==== DATA UNDER STUDY ====
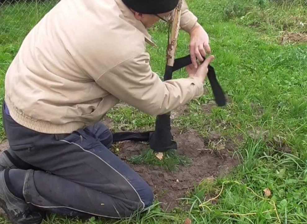 Далее необходимо обернуть ствол полиэтиленовой плёнкой или другим выбранным материалом – так грызуны точно не смогут добраться до нежной коры.
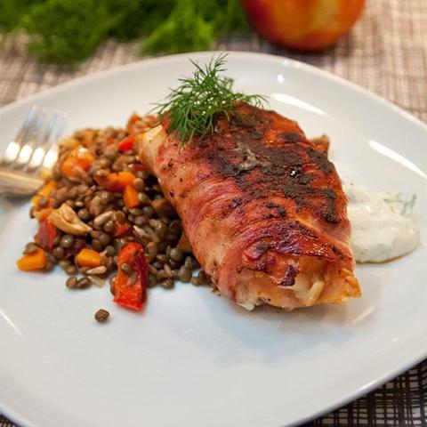 3. Rada upp baconet i fyra grupper på en skärbräda. Kärna ur och hacka äpplet. Lägg äppelhacket i mitten på baconet och lägg laxen ovanpå. Linda ihop baconet runt laxen till ett paket. Stek i stekpanna.
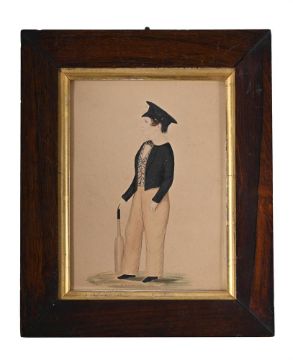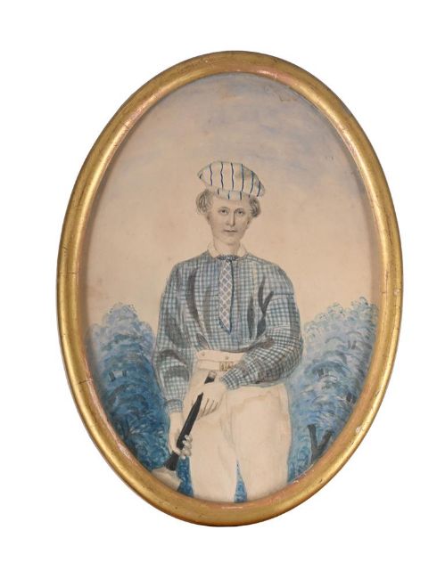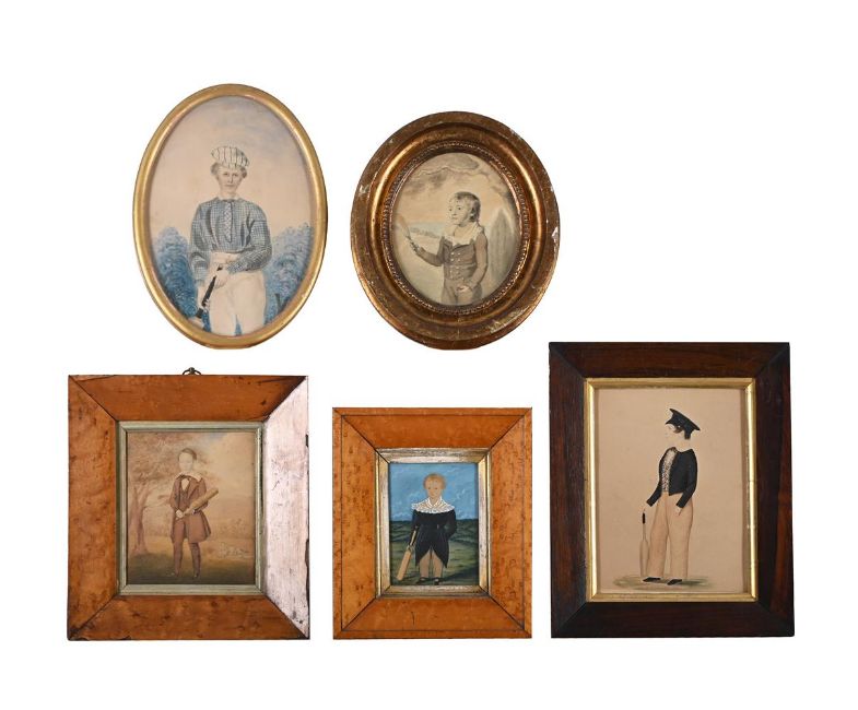W. MURRAY (BRITISH 19TH CENTURY) PORTRAIT OF A BOY CRICKETER IN SIDE PROFILE Pencil and watercolour Signed and dated '1848' (lower centre) 19.5 x 14cm (7½ x 5½ in.) Together with four similar portraits, one painted over a printed base, various sizes, the largest 23 x 16cm (5) To be sold without reserve.
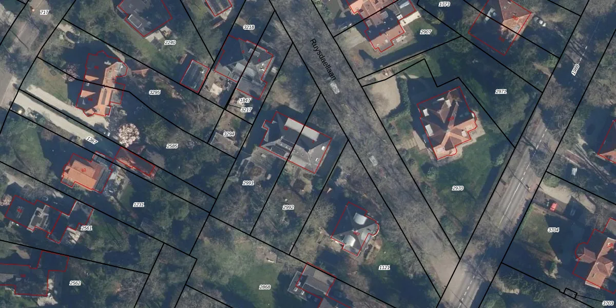 Ruysdaellaan 1 is gelegen op kadastraal perceel BIL01A2992. Deze kadastrale aanduiding is uniek en wordt gebruikt door het Kadaster om eigendomsrechten en andere zakelijke rechten vast te leggen. Het perceel maakt onderdeel uit van de kadastrale gemeente De Bilt.
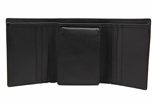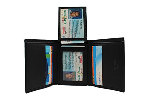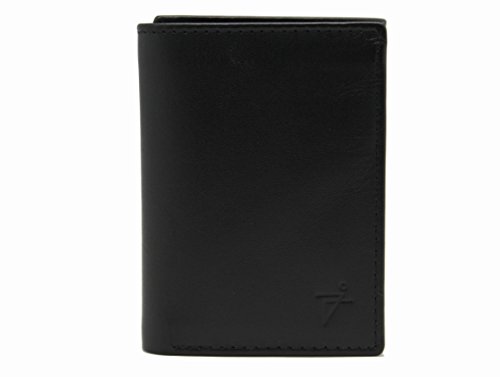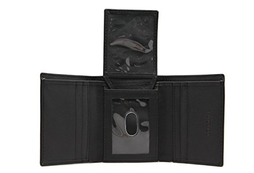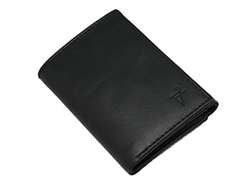 -. Title : Men's Minimalist Black Cow Leather Tri-fold Wallet Key Holder Center Flips up in Gift Box (53-33)
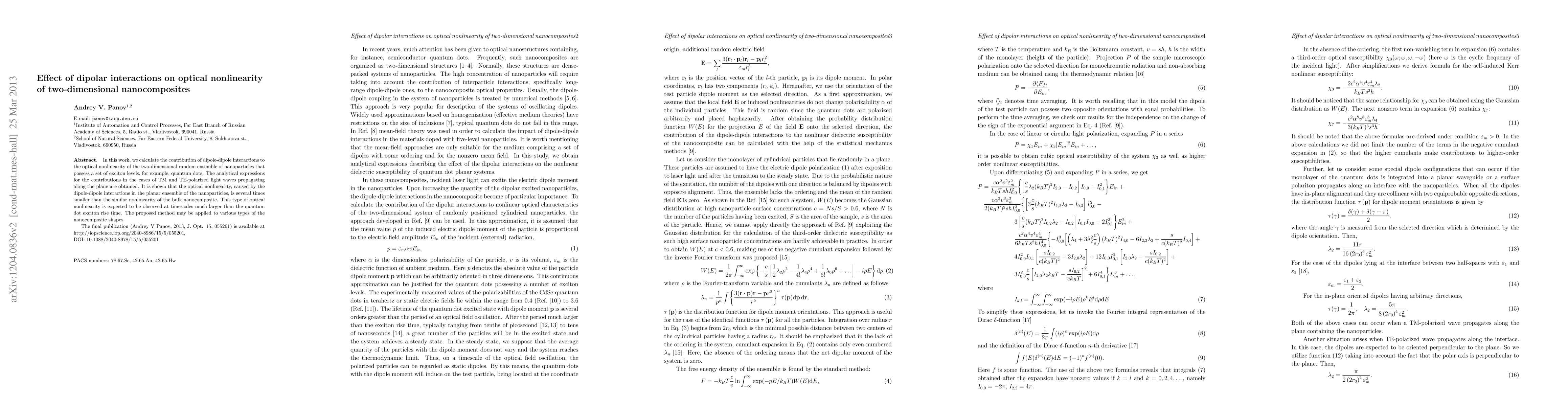 In this work, we calculate the contribution of dipole-dipole interactions to the optical nonlinearity of the two-dimensional random ensemble of nanoparticles that possess a set of exciton levels, for example, quantum dots. The analytical expressions for the contributions in the cases of TM and TE-polarized light waves propagating along the plane are obtained. It is shown that the optical nonlinearity, caused by the dipole-dipole interactions in the planar ensemble of the nanoparticles, is several times smaller than the similar nonlinearity of the bulk nanocomposite. This type of optical nonlinearity is expected to be observed at timescales much larger than the quantum dot exciton rise time. The proposed method may be applied to various types of the nanocomposite shapes.
====
→ **EXERCISE BRIEF**
Everything from the first line of the entries above through the line with "-. Title : Men's" should be duplicated exactly, except the pictures.

→ **RESPONSE FOR THIS EXERCISE**
 Далее необходимо обернуть ствол полиэтиленовой плёнкой или другим выбранным материалом – так грызуны точно не смогут добраться до нежной коры.
 3. Rada upp baconet i fyra grupper på en skärbräda. Kärna ur och hacka äpplet. Lägg äppelhacket i mitten på baconet och lägg laxen ovanpå. Linda ihop baconet runt laxen till ett paket. Stek i stekpanna.
W. MURRAY (BRITISH 19TH CENTURY) PORTRAIT OF A BOY CRICKETER IN SIDE PROFILE Pencil and watercolour Signed and dated '1848' (lower centre) 19.5 x 14cm (7½ x 5½ in.) Together with four similar portraits, one painted over a printed base, various sizes, the largest 23 x 16cm (5) To be sold without reserve.
 Ruysdaellaan 1 is gelegen op kadastraal perceel BIL01A2992. Deze kadastrale aanduiding is uniek en wordt gebruikt door het Kadaster om eigendomsrechten en andere zakelijke rechten vast te leggen. Het perceel maakt onderdeel uit van de kadastrale gemeente De Bilt.
 -. Title : Men's Minimalist Black Cow Leather Tri-fold Wallet Key Holder Center Flips up in Gift Box (53-33)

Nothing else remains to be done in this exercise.